Anton Chekhov was a Russian novelist and playwright. Chekhov was not considered a political writer, but his play ‘The Cherry Orchard,’ written a year before his death at the hands of tuberculosis, was a significant political play. Chekhov was famous for the use of trees in his work, and ‘The Cherry Orchard’ by title is no exception. Russia was a backwards country at the turn of the 20th century, mainly because it had failed to industrialise at the rate of other European powers. Therefore it was not surprising that the century old regime of the Romanov Dynasty, or Tsardom, was coming to an end.
Chekhov’s play is about a wealthy family of landowners. At the head of this family is Ranyavskaya, played in the rendition I went to see at The National Theatre by Zoe Wanamaker. Although this family was once extremely wealthy, and had many serfs (slaves) working on their land, the Emancipation Of The Serfs by Tsar Alexander II in 1961 led to great economic decline for once prosperous landowners. Therefore it is not surprising that a new social class of merchants, essentially Capitalists, became wealthy. The capitalist in this play is called Lopakhin and although he has tremendous affection towards the family for which his ancestors once worked, he manages to buy the land they own and ruthlessly cuts down the symbolic cherry orchard.
The play is about an entire landowning class in early 20th century Russia. These people had to make a decision of whether to accept the way things were going and attempt to modernise, or to sit back and pretend nothing was happening, closing their eyes to the inevitable future. In this sense I think the cherry orchard is a metaphor for the wealth of a dying social class, they attempt to hold on to what they have because of its nostalgic value but in the end it is brutally taken away from them.
An interesting character for me is an intellectual called Petya Trofimov, who prefers to continuously study and travel rather than settle down, and whose monologues represent the communist mentality which saw Tsardom overthrown in 1917. Trofimov exclaims adamantly that the only way Russia can advance is through “extraordinary, unremitting labour,” and that it is the workers of Russia who own the land because it is the land they work on. The idealism expressed by Trofimov is similar to that of the Bolshevik party, who under the guidance of Lenin (and more notably Stalin) transformed Russia into a great economic power in less than half a century.
People adapting to great social change is a theme evident throughout modern literature.
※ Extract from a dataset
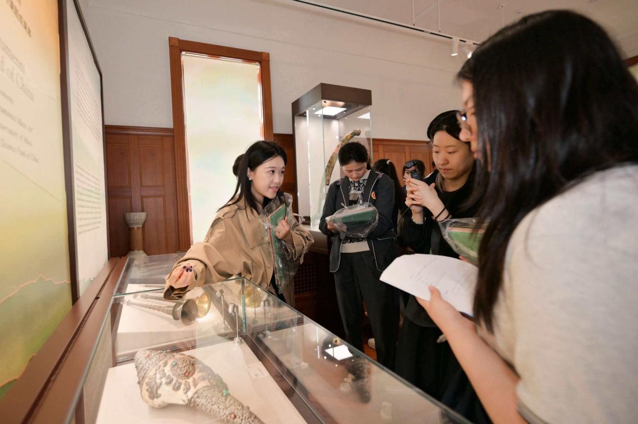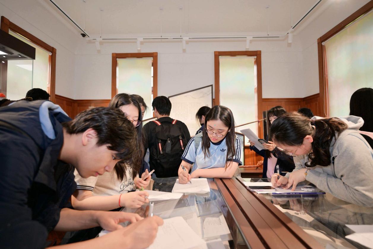 本次参观作为附中《中国音乐史》选修课的实践教学部分,为让实践学习更具针对性与实效性,课程教师黄艺鸥副教授提前为同学们发放了东方乐器博物馆参观学习问卷。参观过程中,围绕东方乐器的历史渊源、形制特征与文化内涵等,周洲对三大展厅进行了细致讲解。在互动环节中,周洲特别介绍了象脚鼓,并邀请同学们亲手敲击体验。同学们一边聆听讲解、记录要点,一边参与互动,在观察与体验中深化了对传统音乐文化的理解。

For example Tennessee William's plays, 'The Glass Menagerie' and 'A Streetcar Named Desire', both have characters who struggle to become accustomed to the post-WWII rising industrial class. Blanche is a dillusional character in 'A Streetcar Named Desire' whose loss of her family estate in Belle-Reve has forced her to abandon her Southern comforts and join her sister in New Orlean's. Blanche's clash with the powerful Polish immigrant Stanley is a representation of the struggle between old Southern ideals and the modern industrial reality. In conclusion 'The Cherry Orchard' shows a great change in social climate which is a recurrent theme in modern literature.